Dataset extract.
════

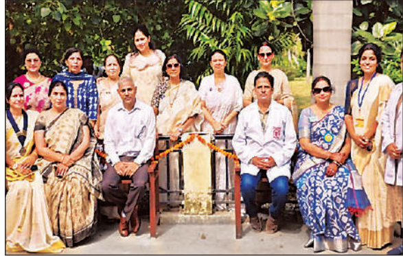
कार्यक्रम में मौजूद वलब के सदस्य और डॉक्टर।
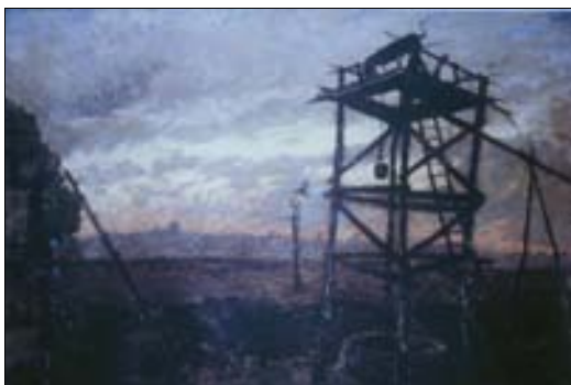
■ Lám. 1. D. DE REGOYOS, 1881. Alrededores de Bruselas (colección privada)
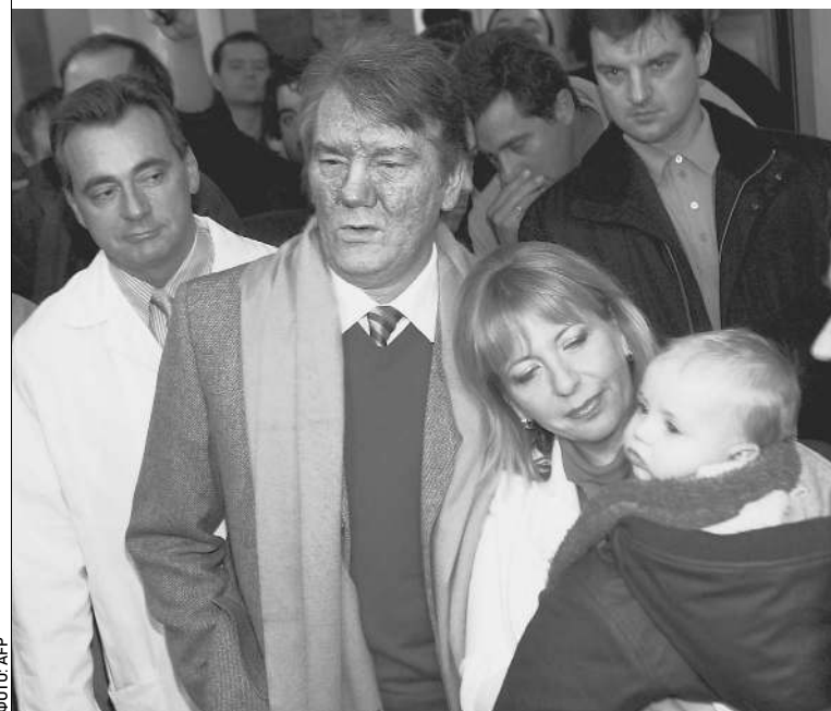
12 декабря 2004 года: пациент Виктор Ющенко покидает венскую клинику «Рудольфинерхаус»

Характерно, что никого не волнует главный вопрос — чем же действительно болен президент Украины? Рассмотрим болезнь Ющенко исключительно с медицинских позиций. → стр. 8
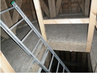
Een ladder die boven het bordes uitsteekt, maakt de overstap makkelijker. ①
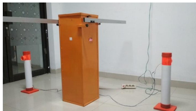
Gambar 3.1 Hasil Rancangan Keseluruhan

Perancangan merupakan suatu proses permulaan sebelum melakukan suatu pekerjaan. Setelah pembuatan perancangan alat, maka langkah selanjutnya adalah pengujian alat dan analisa data dari alat yang telah dibuat. Tujuan pengujian alat ini adalah untuk mengetahui apakah alat real yang menggunakan Sensor fingerprint, Arduni Mega, Drive Motor, Motor Gearbox, sensor PIR dan Limit Switch bekerja sesuai perancangan alat. Adapun pengujian yang dilakukan yaitu pengujian terhadap hardware maupun pengujian software serta analisa pembahasan terhadap data yang diperoleh.
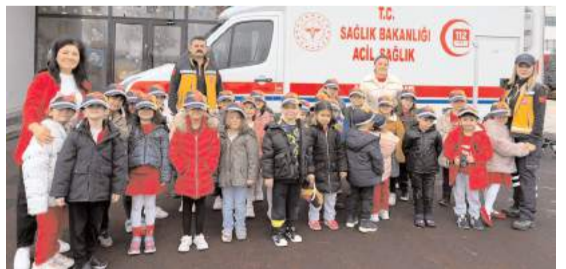
İl Ambulans Servisi Başhekimliği personeli, öğrenciler ile bir araya geldi.
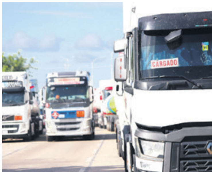
Decenas de cisternas no pueden reabastecerse en Palmasola.

Hasta el propio presidente, Luis Arce, ayer en Oruro, expresó su molestia por los bloqueos y dijo que esas medidas "atentan"

════

Scan the material above for the string "Ющенко", and copy every line where it is found.

Solution for this exercise.
12 декабря 2004 года: пациент Виктор Ющенко покидает венскую клинику «Рудольфинерхаус»
Характерно, что никого не волнует главный вопрос — чем же действительно болен президент Украины? Рассмотрим болезнь Ющенко исключительно с медицинских позиций. → стр. 8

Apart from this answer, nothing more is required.